Author Year Study Design Study Population Number of Patients Results
Elnadry et al.,
2011 [23]
Observational and comparative Chronic hepatitis and Cirrhotics (Child A and B) N = 202
  • Fasting: 103 patients (57 chronic hepatitis, 46 cirrhotics).

  • Non-fasting: 99 patients (52 chronic hepatitis, 47 cirrhotics)

  • Dyspeptic symptoms were higher in fasting group

  • Gastrointestinal bleeding during Ramadan was higher in fasting group compared to non-fasting, but the variceal bleeding was significantly higher in the non-fasting group

  • Chronic hepatitis fasting group showed non-significant changes pre, during and post Ramadan regarding liver functions.

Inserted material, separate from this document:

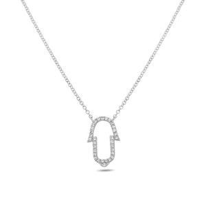 This necklaces showcases a unique, curved design that will add personality to any outfit. Round cut white diamonds, totaling to 0.15 carats, are set in a pave to deliver and elegant shine from the base of the neckline.

  • In the fasting cirrhotic group, the decompensation to Child C class developed both during and after Ramadan fasting

Elfert et al.,
2011 [24]
Observational and non-comparison Cirrhotics (Child A, B and C) N = 216
  • BMI, serum glucose, ALT, AST, GGT, and ALP decreased

  • Serum bilirubin increased significantly after full Ramadan fast

  • Male sex, Child Pugh Class A and absence of gastrointestinal bleeding bleeding were independent factors in reduction in liver enzymes and serum glucose during Ramadan fasting

  • Older age, Diabetes mellitus status and Child Pugh Class C were independent factors for elevation of serum bilirubin and creatinine during Ramadan fasting

  • Twenty seven patients discontinued their fast due to fatigue

  • Variceal bleeding and encephalopathy reported in eight and six patients, respectively

  • Ramadan fasting had no significant effect on PV diameter or portal blood flow

Mohamed et al, 2016 [25] Observational and non-comparison Cirrhotics (Child A, B and C) N = 40
  • Cirrhotic patients showed significant short-term increases in the congestive index as a non-invasive marker of the portal blood flow

  • After Ramadan, there was a statistically significant increase in bilirubin and a decrease in albumin in Child Pugh Class C

  • In patients with Child Pugh Class A and B there was no significant change in bilirubin, albumin level, prothrombin concentration or the degree of ascites, encephalopathy or upper GI bleeding events before and after Ramadan

  • Shifting towards more advanced stage of Child class was due to lower limb edema development, increased ascites, increased jaundice and development of overt hepatic encephalopathy

  • In total, seven patients developed complications with two cases of variceal bleeding

Mohamed et al.,
2018 [26]
Observational and comparative Cirrhotic (Child A and B) and healthy volunteers N = 72
  • Cirrhotic fasting (N = 34),

  • Cirrhotic non-fasting

  • (n = 8)

  • Healthy volunteers fasting (N = 30)

  • Patients with cirrhosis showed changes in their portal hemodynamics with increased CI

  • Although more increased in cirrhotic patients, the congestive index didn’t change when these patients fasted

  • MELD score and serum albumin showed significant changes in comparison to healthy subjects but no differences between cirrhotic patients that fasted or not

BMI: body mass index, AST: aspartate aminotransferase, ALT: alanine transaminase, GGT: gamma-glutamyl transferase, ALP: alkaline phosphatase, CI: congestive index.